After the Change Data Capture (CDC) feature of SQL Server is enabled, SQLServer CDC Reader allows Data Integration to monitor and collect logs about inserting, updating, and deleting tables in SQL Server. Then, Data Integration converts the logs to real-time messages. This way, data is synchronized from SQL Server in real time.

Prerequisites

The CDC feature is enabled before you configure SQLServer CDC Reader.
-- ====
-- Enable Database for CDC template, databaseName: MyDB
-- ====
USE MyDB
GO
EXEC sys.sp_cdc_enable_db
GO

Procedure

  1. Go to the DataStudio page.
    1. Log on to the DataWorks console.
    2. In the left-side navigation pane, click Workspaces.
    3. Select the region where the required workspace resides, find the workspace, and then click Data Analytics.
  2. Move the pointer over the Create icon and choose Data Integration > Real-time synchronization.
    Alternatively, you can click the required workflow, right-click Data Integration, and then choose Create > Real-time synchronization.
  3. In the Create Node dialog box, set the Sync Method parameter to End-to-end ETL and set the Node Name and Location parameters.
    Create Node
    Note The node name must be 1 to 128 characters in length. It can contain letters, digits, underscores (_), and periods (.).
  4. Click Submit.
  5. On the configuration tab of the real-time sync node, drag SqlServer under Input to the canvas.
  6. Click SqlServer and set the parameters in the Node configuration section.
    Parameter Description
    Data source The connection to the SQL Server data store. In this example, you must select an SQL Server connection.

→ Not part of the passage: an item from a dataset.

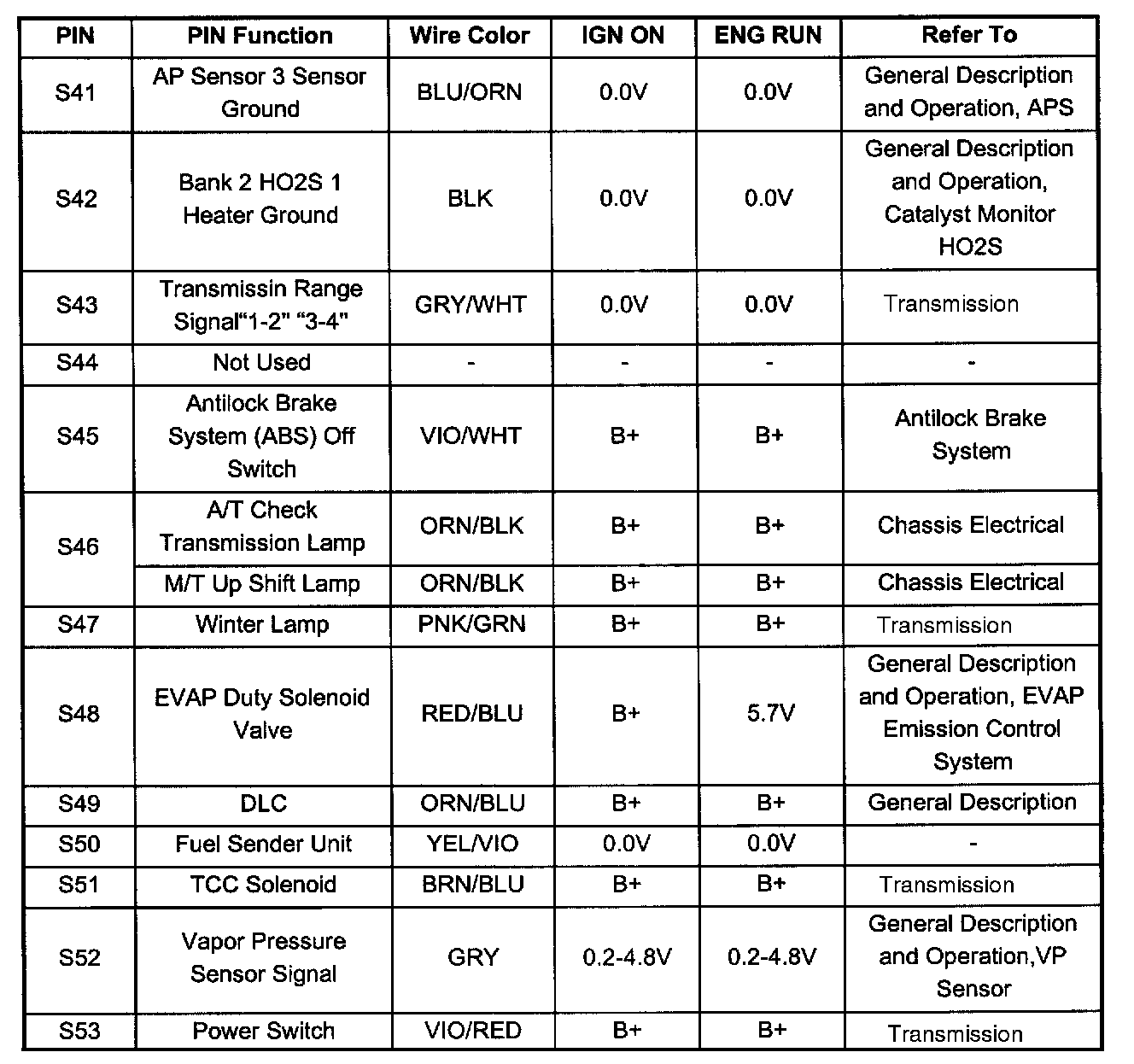 PCM Pinout Table, 80 - Way Red Connector - Row "S41 - 60" (S41 To S53):

    If no connection is available, click New data source on the right to add one on the Data Source page.

    Table The name of the table from which data is to be synchronized in the specified data store. You can click Data preview on the right to preview the selected table.
    In the case of database and table sharding, data can be synchronized from multiple databases and tables in real time.
    Notice To avoid errors, the tables in database shards and table shards must use the same schema.
    Output field The fields to be synchronized, including management fields and data fields.
    • Management fields: additional fields that are automatically added to the destination tables when data is synchronized. These fields facilitate data management, sorting, and deduplication.
    • Data fields: the fields in the source tables to be synchronized.

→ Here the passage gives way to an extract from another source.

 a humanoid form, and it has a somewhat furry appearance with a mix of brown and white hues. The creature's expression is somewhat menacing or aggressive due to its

    For more information, see Fields used for real-time synchronization.

    SQLServer CDC Reader supports database and table sharding. You can click Add a database and table data source and select the required data stores and tables from drop-down lists to synchronize data from multiple tables and databases.
    Notice To avoid errors, the selected tables must use the same schema.
  7. Click the Save icon icon in the toolbar.